> REQUIRED ACTION
Find the line containing "Young couple in" in the listing below. Repeat it exactly, along with each following line up to and including the one containing "Σε όλη τη διάρκεια".
START EXTRACTED INFORMATION
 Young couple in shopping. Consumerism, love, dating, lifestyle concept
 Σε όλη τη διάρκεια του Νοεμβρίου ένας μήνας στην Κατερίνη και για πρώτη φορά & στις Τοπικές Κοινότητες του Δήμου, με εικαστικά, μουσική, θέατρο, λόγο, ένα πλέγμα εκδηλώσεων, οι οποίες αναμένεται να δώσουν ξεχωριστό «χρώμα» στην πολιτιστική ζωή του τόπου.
END EXTRACTED INFORMATION
START EXTRACTED INFORMATION
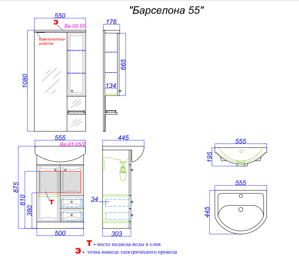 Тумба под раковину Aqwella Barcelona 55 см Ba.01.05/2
END EXTRACTED INFORMATION
START EXTRACTED INFORMATION
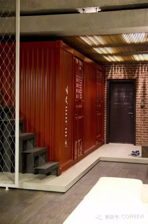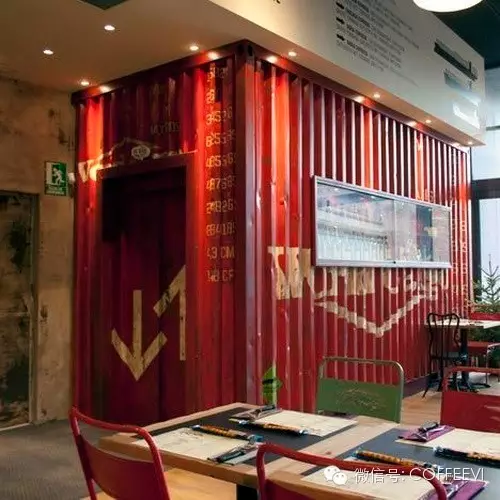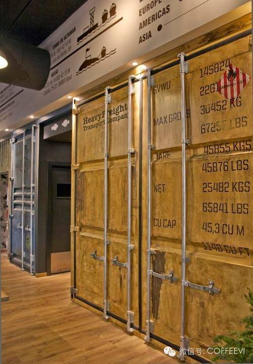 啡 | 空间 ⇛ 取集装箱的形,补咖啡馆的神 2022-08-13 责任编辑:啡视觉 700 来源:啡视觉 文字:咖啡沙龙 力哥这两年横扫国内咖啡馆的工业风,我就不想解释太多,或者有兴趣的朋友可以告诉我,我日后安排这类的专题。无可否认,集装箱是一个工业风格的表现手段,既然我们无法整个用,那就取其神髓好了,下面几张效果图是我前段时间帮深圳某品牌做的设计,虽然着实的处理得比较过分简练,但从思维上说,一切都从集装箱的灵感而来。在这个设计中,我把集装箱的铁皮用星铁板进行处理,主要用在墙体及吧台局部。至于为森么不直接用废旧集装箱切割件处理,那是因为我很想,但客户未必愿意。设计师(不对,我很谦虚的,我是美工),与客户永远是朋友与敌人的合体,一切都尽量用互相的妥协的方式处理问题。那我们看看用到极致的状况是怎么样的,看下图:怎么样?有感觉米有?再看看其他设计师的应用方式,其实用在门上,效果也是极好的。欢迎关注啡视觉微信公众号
END EXTRACTED INFORMATION
> ANSWER BOX
 Young couple in shopping. Consumerism, love, dating, lifestyle concept
 Σε όλη τη διάρκεια του Νοεμβρίου ένας μήνας στην Κατερίνη και για πρώτη φορά & στις Τοπικές Κοινότητες του Δήμου, με εικαστικά, μουσική, θέατρο, λόγο, ένα πλέγμα εκδηλώσεων, οι οποίες αναμένεται να δώσουν ξεχωριστό «χρώμα» στην πολιτιστική ζωή του τόπου.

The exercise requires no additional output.